How do I select a trial beam section for a given span? For floor beams: start with depth = span/24 to span/20 (8 m span = 333 to 400 mm depth). For roof beams: span/30 to span/24. The CISC Handbook provides preliminary beam selection tables by span and loading. A W310 (nominally 310 mm deep) at 8 m span is span/25.8 — appropriate for a moderately loaded floor beam.

Is composite action always beneficial for beam design? Composite action increases moment resistance by 50-100% compared to bare steel for typical floor beams. However, it adds fabrication cost (shear studs, deck attachment) and increases floor depth. For spans under 6 m, bare steel is often more economical. For spans over 8 m, composite action is standard practice in Canadian building construction.
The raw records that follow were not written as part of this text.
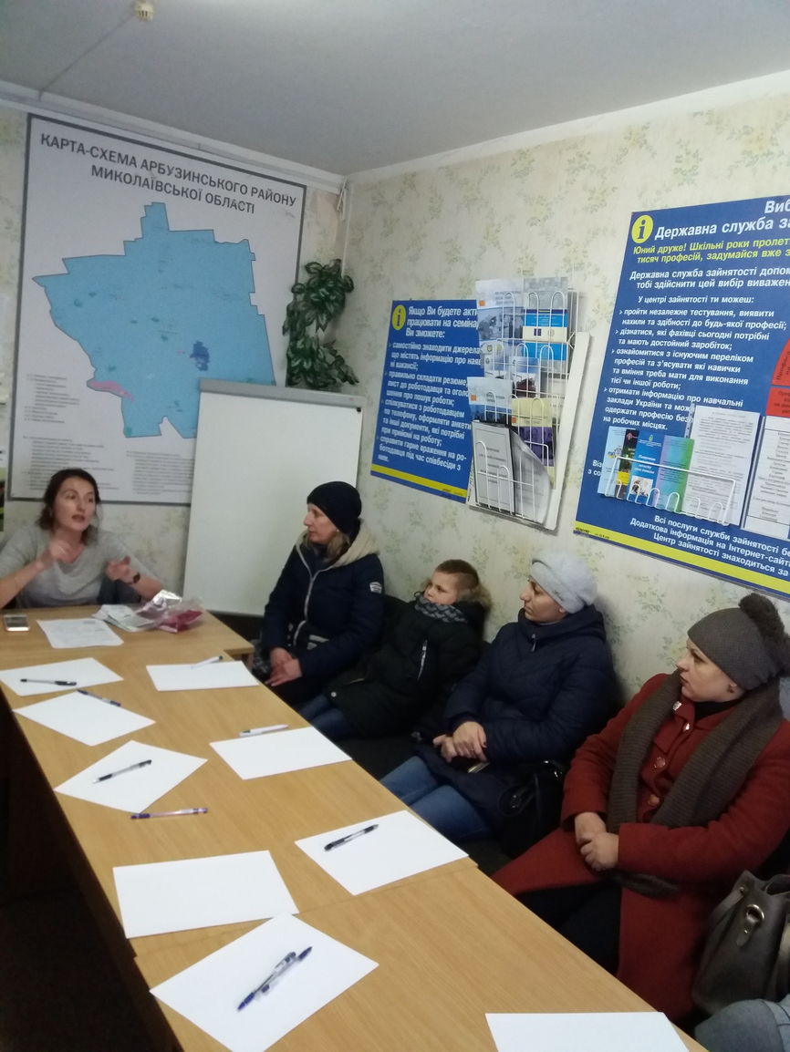 Захід відвідали 11 безробітних, які звернулися за послугами до Арбузинської районноїфілії Миколаївського обласного центру зайнятості.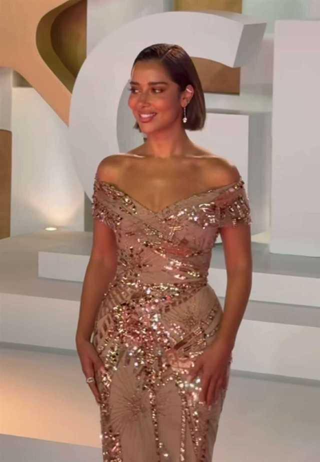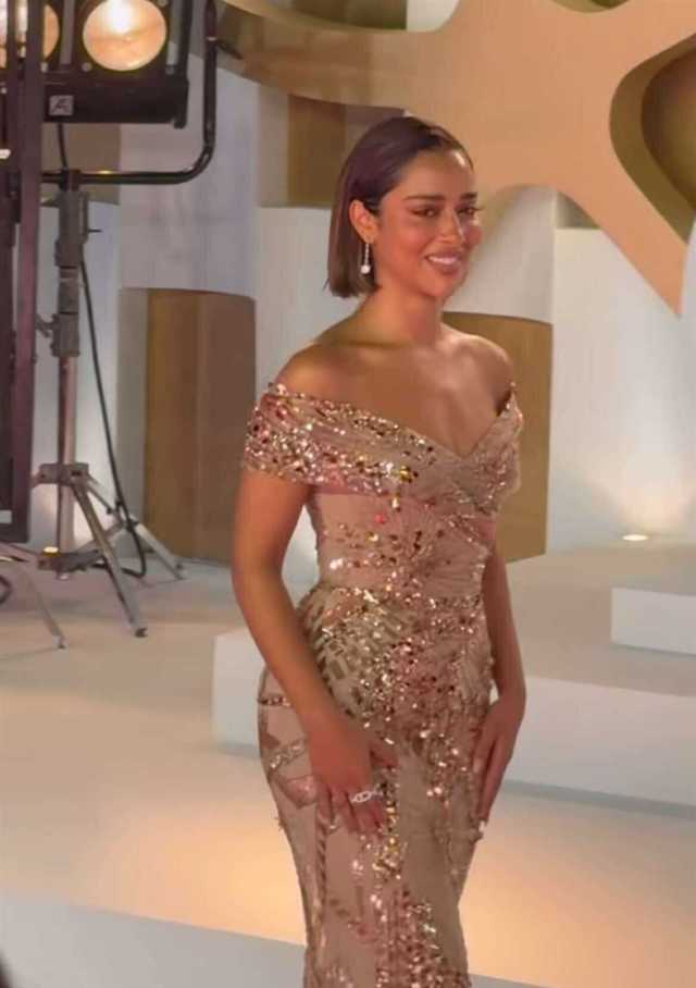 مهرجان الجونة السينمائي 2025.. بلقيس فتحي تعتمد موضة الأوف شولدر بالذهبي اللامع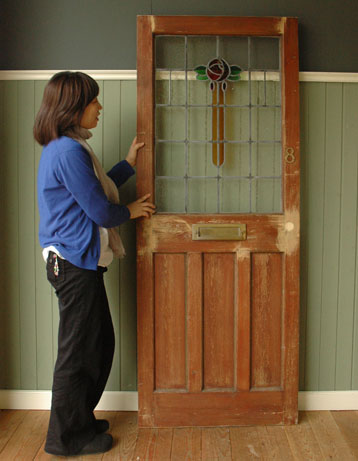 大きなステンドグラスに心が引き込まれてしまうアンティークのドア。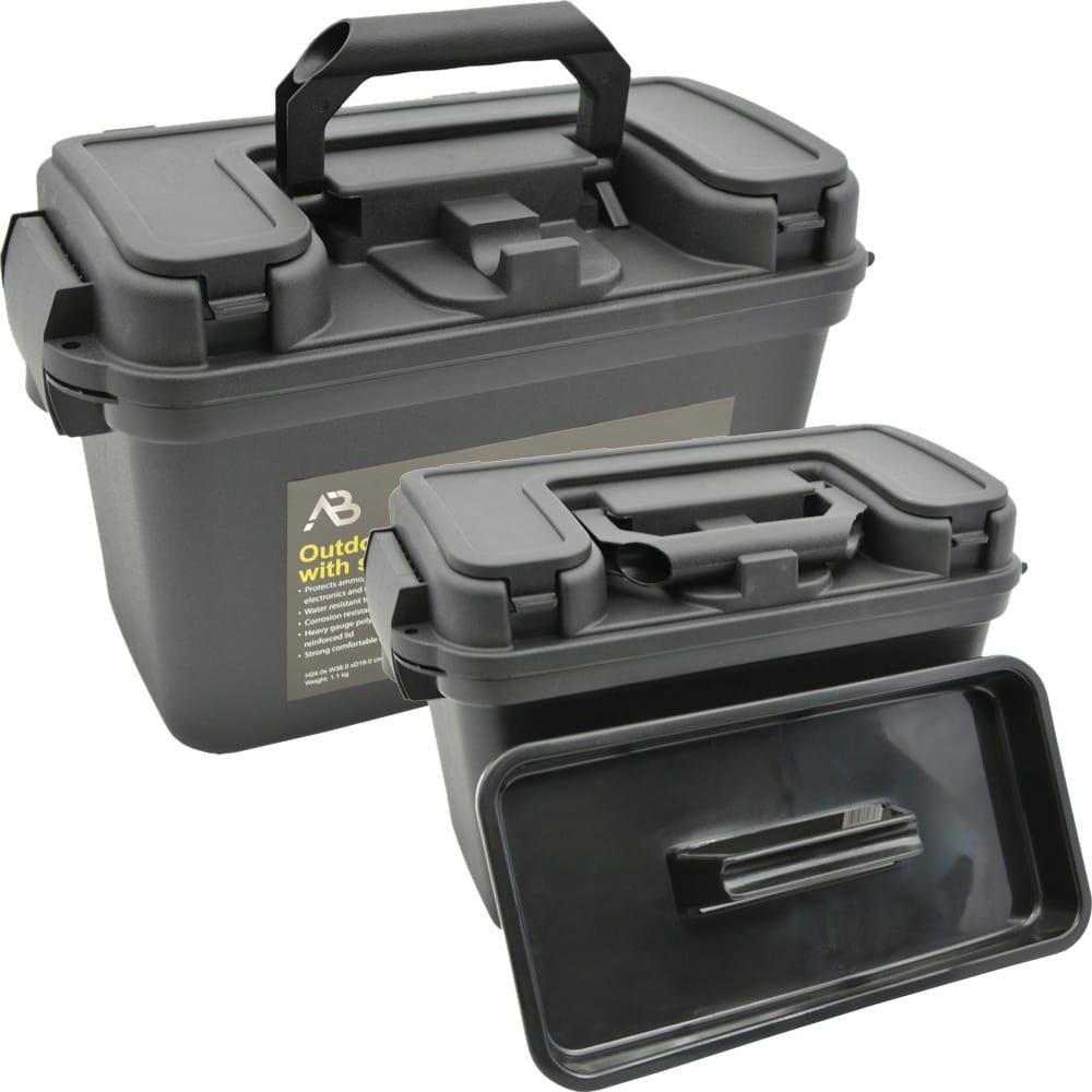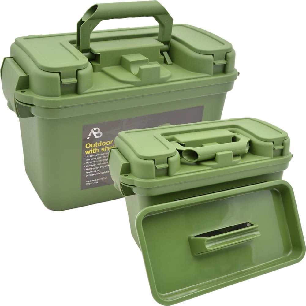 Diese praktische Outdoor Box aus Kunststoff ist wetterfest und extrem widerstandsfähig. Sie hat eine leicht öffnende Klapplade und ein herausnehmbares Innenfach für Kleinteile. Außerdem ist sie abschließbar durch die dafür vorgesehene Lochung und bietet viel Stauraum. Praktisch nutzbar als Werkzeugkiste und Transportbox, aber auch als Munitionskiste.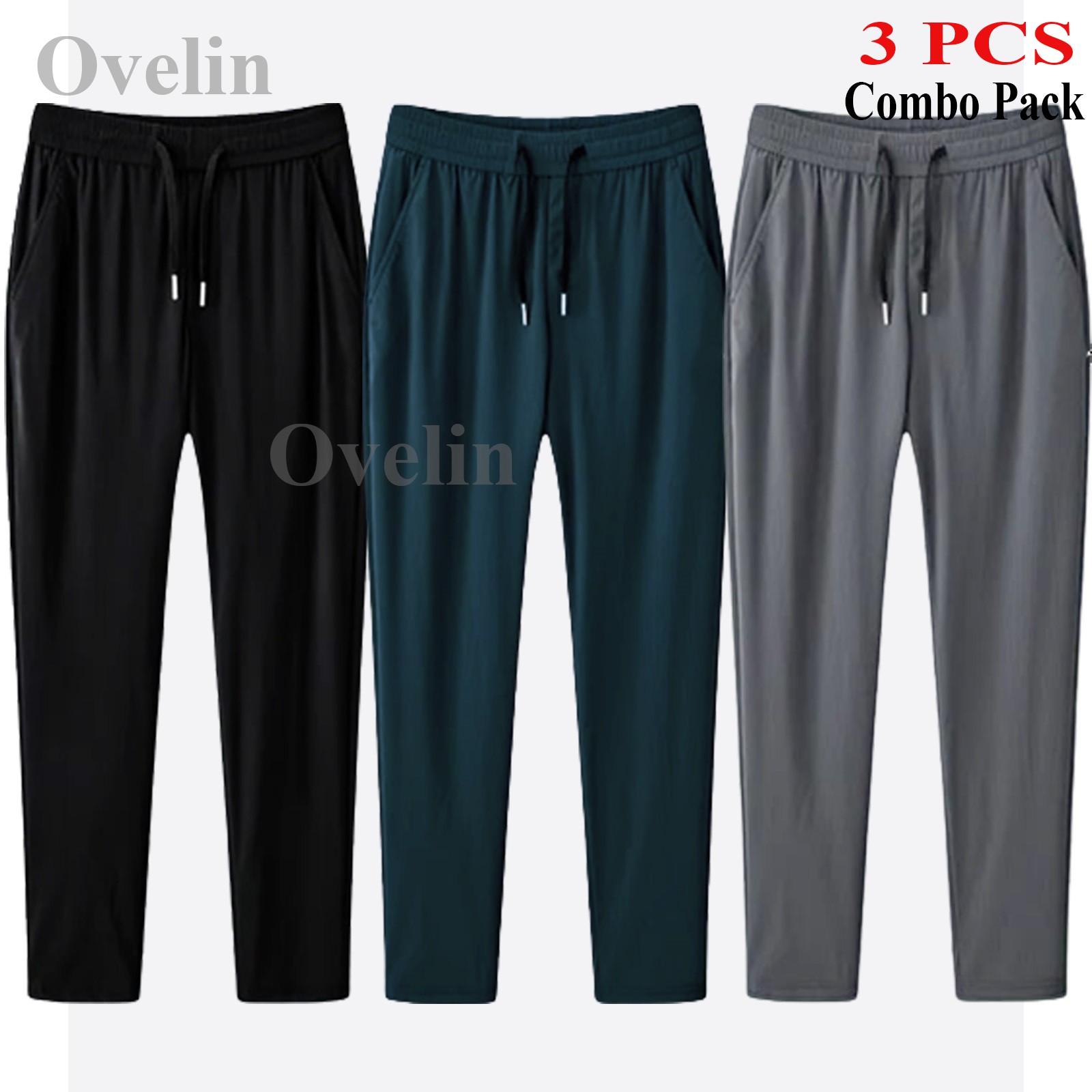 3 pcs Combo Premium Quality Solid Trouser - Black, Ash & White.
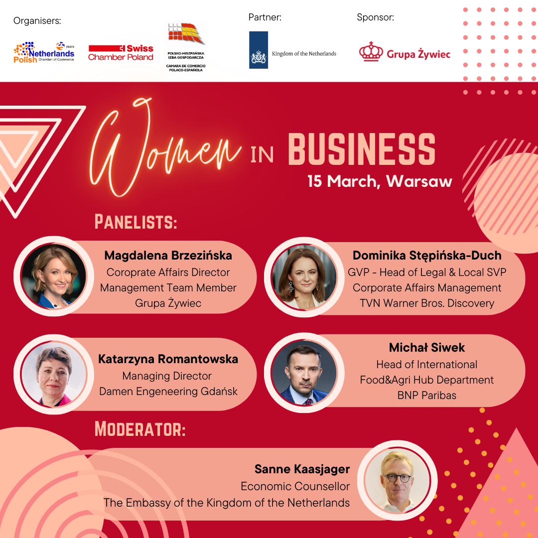 Z okazji przypadającego w marcu Międzynarodowego Dnia Kobiet mamy przyjemność zaprosić Państwa na panel dyskusyjny i networking biznesowy, organizowany przez Holendersko-Polską Izbę Gospodarczą we współpracy z Ambasadą Królestwa Niderlandów, Polsko-Szwajcarską Izba Gospodarczą i Grupą Żywiec.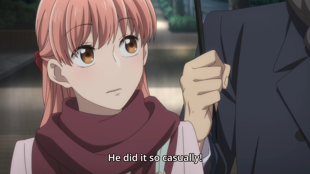 — He still casually swaps places with Narumi. Maybe it was to keep her dry, maybe it was to keep his games dry. Maybe both. Either way, she’s impressed, but impressed enough to like him back? Who knows? And yeah, I still don’t feel like she actually likes likes him, y’know? The way their relationship started, I kinda feel like she’s only dating him out of convenience (they work together, hang out together, have the same interests, so on and so forth). He has to gradually make her fall in love with him.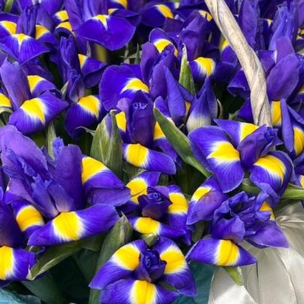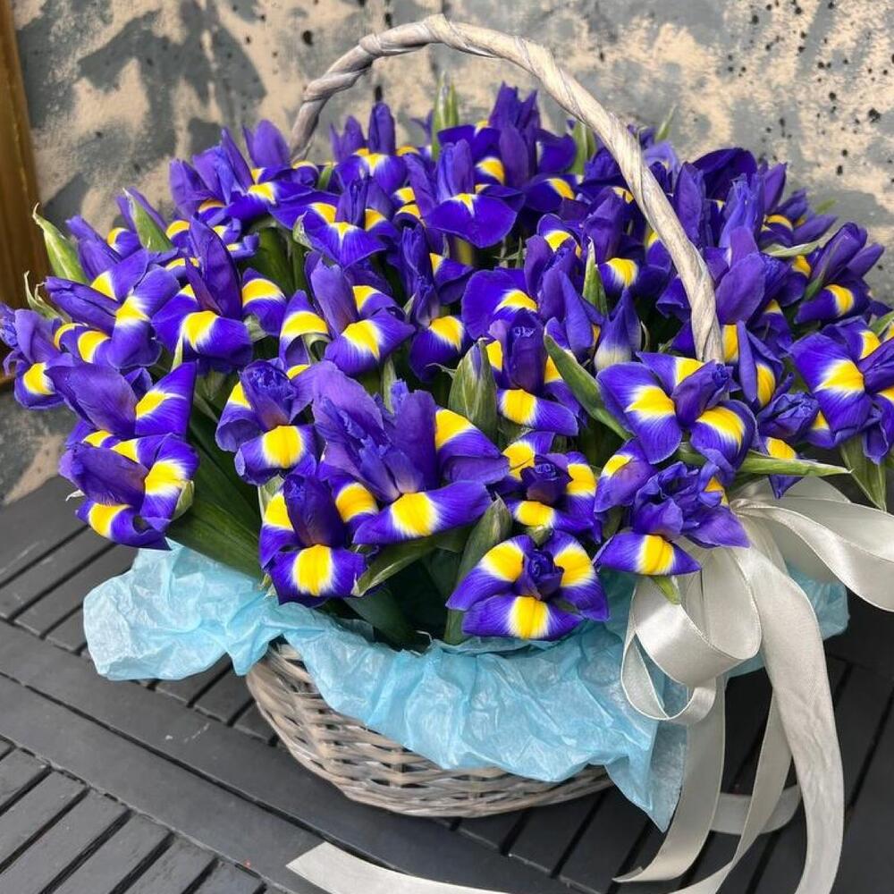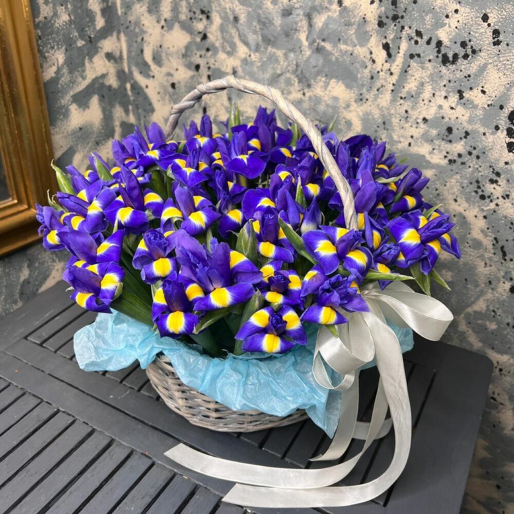 Корзина с синими ирисами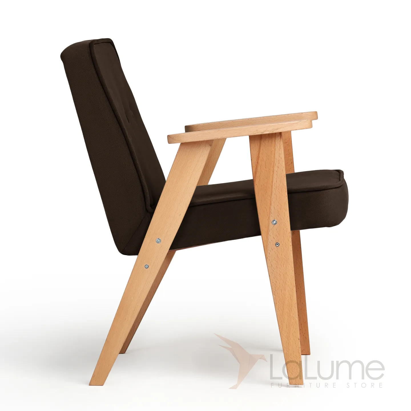 Кресло стул Несс благодаря мягкой спинке и удобным деревянным подлокотникам позволит вам комфортно разместиться для отдыха с чашечкой чая, для чтения книги или просмотра любимого фильма. Кресло с оригинальным дизайном и большим выбором расцветок впишется в любой современный интерьер, подойдет как для дома, так и для дачи или сада. Практичное стул-кресло компактного размера удачно будет смотреться на кухне, балконе, гостиной, в детской или спальне. Мы ответственно подходим к подбору материалов для изготовления каждого предмета мебели. Обивка кресла выполнена из износостойкого велюра, который прослужит вам длительное время и прост в уходе. Прочные опоры изготовлены из массива березы. Для нас важно, чтобы вы оставались довольны покупкой и доверяли нам. Нашим клиентам мы предоставляем гарантию на изделия 12 месяцев.

This page is for educational reference. Beam design per CSA S16:24 Clause 13. Verify section properties against the current CISC Handbook of Steel Construction. All structural designs must be independently verified by a licensed Professional Engineer. Results are PRELIMINARY — NOT FOR CONSTRUCTION.